London has struggled to attract new companies over the last year, and several businesses that are listed in the capital have abandoned or downgraded their listing.

These include travel giant Tui, which is ditching its London listing in favour of Frankfurt, Paddy Power owner Flutter, which will likely shift its main listing to New York, and medical company Indivior, which could do the same.

“In our equities business, we continued to work with the industry, regulators and Government on market reform,” LSEG said on Thursday.

We continued our track record of broad-based growth, despite an uncertain environment, and delivered on all the targets we set at the time of the Refinitiv acquisition

David Schwimmer, LSEG chief executive

“2023 was a poor year globally for IPOs.”

The company said that its equities division had seen an 8.5% drop in revenue to £227 million in 2023.

But chief executive David Schwimmer said there are some green shoots. Earlier this week it was reported that Chinese fast fashion giant Shein is eyeing a potential initial public offering (IPO) in the UK.

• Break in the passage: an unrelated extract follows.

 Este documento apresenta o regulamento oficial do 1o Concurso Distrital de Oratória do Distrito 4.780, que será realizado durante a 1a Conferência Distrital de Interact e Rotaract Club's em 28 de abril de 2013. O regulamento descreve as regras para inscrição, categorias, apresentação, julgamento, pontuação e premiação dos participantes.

“We are also seeing an encouraging IPO pipeline for the London Stock Exchange,” he said.

The group reported that pre-tax profit fell 3.7% to £1.2 billion on total income of £8.4 billion, up 8.2%.

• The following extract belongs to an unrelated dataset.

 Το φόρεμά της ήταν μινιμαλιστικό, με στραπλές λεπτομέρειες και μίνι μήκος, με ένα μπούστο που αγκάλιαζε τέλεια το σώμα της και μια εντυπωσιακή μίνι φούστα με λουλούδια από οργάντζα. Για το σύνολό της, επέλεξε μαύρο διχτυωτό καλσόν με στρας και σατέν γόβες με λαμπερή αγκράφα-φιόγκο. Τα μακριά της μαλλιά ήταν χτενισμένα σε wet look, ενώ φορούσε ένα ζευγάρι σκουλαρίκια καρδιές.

Mr Schwimmer said: “2023 was another strong year for LSEG.

“We continued our track record of broad-based growth, despite an uncertain environment, and delivered on all the targets we set at the time of the Refinitiv acquisition.

“We also significantly improved our products and services, further strengthened our leadership team and made great progress on creating a high-performance culture throughout the organisation.”

Shares had dropped 0.8% on Thursday morning.